Adventurer of the spirit, artist of life, family and community linchpin, marketing researcher, life-long student, friendship’s pattern. Born Nov. 3, 1945, in London, England, died May 21, 2013, in Toronto of cancer, aged 67.
Liz Jaye did not jump out of airplanes or win a Pulitzer Prize; she excelled at something far more important – unmatched empathy for others. She brought strength and joy to all who knew her. Liz and husband Ivan had a marriage most can only dream of. Their home in North Toronto was a hub for a large family and many friends.
Born Liz Mornington, she met and married Ivan Jaye in London. They immigrated to Canada in 1969. After taking time off to raise her family, Liz entered the sales profession as a neophyte. But her persistence and persuasive powers combined with an ability to understand people, made her a top salesperson at Xerox, where she won a bicycle, crates of beer and more.
She next turned her empathy and intense curiosity into a career as the perfect marketing researcher. She excelled in moderating focus groups and creativity sessions, always knowing the most stimulating questions to ask in a way that brought out the best in others. This strength also allowed her to bring out the best in her many friends. The very intonation in her voice when she spoke a friend’s name implied that she knew your strengths and weaknesses and loved you for both. Her greatest gift was to make us all feel as if we were the only ones.
Her powers of observation and prodigious memory meant that Liz could recall every book she read (and there were many) and every film she saw. In addition, Liz was tenacious; she completed a degree at the University of Toronto while working full time, raising two young children, chairing her synagogue’s committee on HIV/AIDS and helping with the settlement of boat people. Her intellect and honesty shone. She asked penetrating questions at Torah study class, always pushing for more nuanced answers.
Liz had her quirks. A great bluffer at the game of Dictionary, she could spin a completely convincing yet fictitious definition in the most convincing of styles. She had a dreadful singing voice, but once drew the admiration of a lake of cottagers when a few glasses of wine encouraged her to belt out a string of popular show tunes at the top of her voice.

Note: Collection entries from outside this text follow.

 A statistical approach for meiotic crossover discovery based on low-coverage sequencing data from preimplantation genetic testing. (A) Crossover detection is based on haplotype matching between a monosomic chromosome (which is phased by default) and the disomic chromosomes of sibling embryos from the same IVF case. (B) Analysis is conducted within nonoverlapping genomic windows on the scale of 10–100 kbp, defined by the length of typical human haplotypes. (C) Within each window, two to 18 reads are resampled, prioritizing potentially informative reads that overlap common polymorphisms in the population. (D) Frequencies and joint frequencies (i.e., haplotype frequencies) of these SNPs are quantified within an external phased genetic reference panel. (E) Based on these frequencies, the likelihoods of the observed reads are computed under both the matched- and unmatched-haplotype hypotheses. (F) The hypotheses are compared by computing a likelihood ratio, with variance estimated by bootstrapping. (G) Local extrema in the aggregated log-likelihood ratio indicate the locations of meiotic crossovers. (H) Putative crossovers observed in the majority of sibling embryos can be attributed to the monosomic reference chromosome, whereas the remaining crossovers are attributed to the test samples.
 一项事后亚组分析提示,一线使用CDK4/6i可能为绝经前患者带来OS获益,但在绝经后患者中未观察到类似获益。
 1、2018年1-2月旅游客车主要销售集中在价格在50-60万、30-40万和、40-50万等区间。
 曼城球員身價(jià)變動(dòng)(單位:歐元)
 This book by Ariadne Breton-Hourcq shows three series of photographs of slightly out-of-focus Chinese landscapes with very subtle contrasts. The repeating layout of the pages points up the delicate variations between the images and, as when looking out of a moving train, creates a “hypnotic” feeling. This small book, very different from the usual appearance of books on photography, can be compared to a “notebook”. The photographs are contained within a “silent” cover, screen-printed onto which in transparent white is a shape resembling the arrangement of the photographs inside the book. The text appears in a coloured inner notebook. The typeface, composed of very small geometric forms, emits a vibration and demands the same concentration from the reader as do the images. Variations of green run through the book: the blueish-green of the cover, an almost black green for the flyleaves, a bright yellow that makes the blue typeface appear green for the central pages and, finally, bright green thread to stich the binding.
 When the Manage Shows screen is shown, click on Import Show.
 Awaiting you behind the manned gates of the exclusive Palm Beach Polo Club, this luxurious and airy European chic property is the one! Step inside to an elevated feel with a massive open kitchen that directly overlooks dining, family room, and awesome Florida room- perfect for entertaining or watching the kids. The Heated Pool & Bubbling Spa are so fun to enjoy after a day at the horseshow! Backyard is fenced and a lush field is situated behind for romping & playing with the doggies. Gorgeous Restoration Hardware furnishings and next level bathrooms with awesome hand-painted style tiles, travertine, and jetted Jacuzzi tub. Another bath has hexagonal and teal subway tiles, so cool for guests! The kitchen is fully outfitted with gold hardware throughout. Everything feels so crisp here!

From the moment Liz learned that her lifespan was limited, she determined to enjoy life’s gifts to the fullest. She assured others that she was at peace with her fate and then she and Ivan paid even more visits to Seattle to see son Paul, his wife Karen and beloved grandchildren Noah and Lila. They spent time with daughter Naomi and partner Jeremy, travelled to Sedona, Ariz., cruised to Alaska, crossed Canada by train, and enjoyed many relaxed, laughter-filled dinners with friends. Liz often said her last 3 1/2 were the best years of her life.
Little grandson Noah, aged 6 and a fan of Star Wars, best summed up the impact Liz had on so many: “Liz is like the force. She’ll always be with me.” We agree.
Marillene Allen, Ann Crichton-Harris, Cynthia Good are Liz’s friends.